Get all posts on an Instagram **profile page** that are visible on the landing page. 

In [56]:
# get posts (images) from profile page 
from pprint import pprint


k = InstagramScraper()
results = k.profile_page_posts(url)

print('Posts on Instagram profile page: ', len(results))
print('Second image url on instagram profile: ', results[1]['display_url'])

Posts on Instagram profile page:  12
Second image url on instagram profile:  https://instagram.fzrh2-1.fna.fbcdn.net/v/t51.2885-15/e35/89830458_279055869752422_1934838557654693738_n.jpg?_nc_ht=instagram.fzrh2-1.fna.fbcdn.net&_nc_cat=110&_nc_ohc=TatfJYTxmiAAX_jXpLZ&oh=de7f6ba79434acf649c2664156bb8a2b&oe=5E837309


Get all posts on an Instagram **hashtag page** that are visible on the landing page. 

In [58]:
# get posts (images) from hashtag page 
from pprint import pprint


k = InstagramScraper()
results = k.hashtag_page_posts(url)

#pprint(results)
print('Posts on Instagram hashtag page: ', len(results))
print('Second image url on instagram hashtag: ', results[1]['display_url'])

Posts on Instagram profile page:  70
Second image url on instagram profile:  https://instagram.fzrh2-1.fna.fbcdn.net/v/t51.2885-15/e35/s1080x1080/91390209_138245237708029_7195385645887789729_n.jpg?_nc_ht=instagram.fzrh2-1.fna.fbcdn.net&_nc_cat=101&_nc_ohc=2I9-8_vl0AYAX-Whws3&oh=2f77674f588a954ba4f0b3743e9fd603&oe=5EAB50DC


### 4. Save images from list of dict: 

Use requests library to download images from the ‘display_url’ in pandas ‘result’ data frame and store them with respective shortcode as file name.

Specify the directory for storing the images. 

In [59]:
# download all images from an Instagram page 
import os
import requests
import shutil

# to specify
directory= r"C:\Users\Anonym\Documents\GitHub\DLfM_BrandManagement\images"
os.chdir(directory)

if username: 
    os.mkdir(os.path.join(directory, username))
    os.chdir(os.path.join(directory, username))
elif hashtag: 
    os.mkdir(os.path.join(directory, hashtag))
    os.chdir(os.path.join(directory, hashtag))
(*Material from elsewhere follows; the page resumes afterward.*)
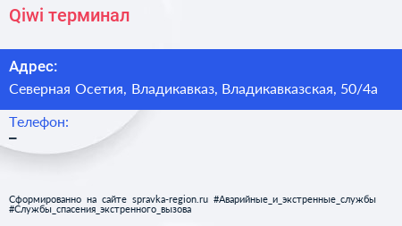 Qiwi, терминал по адресу Северная Осетия, Владикавказ, Владикавказская, 50/4а в дальнейшем Организация, размещена в следующих категориях:

for i in range(len(results)):
    r = requests.get(results[i]['display_url'], stream=True)
    with open(results[i]['shortcode']+".jpg", 'wb') as f:
        # Set decode_content value to True, otherwise the downloaded image file's size will be zero.
        r.raw.decode_content = True
        # Copy the response stream raw data to local image file.
        shutil.copyfileobj(r.raw, f)
        # Remove the image url response object.
        del r

In [43]:
# download one image only
import os
import requests
import shutil

# to specify
directory= r"C:\Users\Anonym\Documents\GitHub\DLfM_BrandManagement\images"
os.chdir(directory)

r = requests.get(url, stream=True)

with open(directory+"B-Tckr0AgrH"+".jpg", 'wb') as f:
    # Set decode_content value to True, otherwise the downloaded image file's size will be zero.
    r.raw.decode_content = True
    # Copy the response stream raw data to local image file.
    shutil.copyfileobj(r.raw, f)
    # Remove the image url response object.
    del r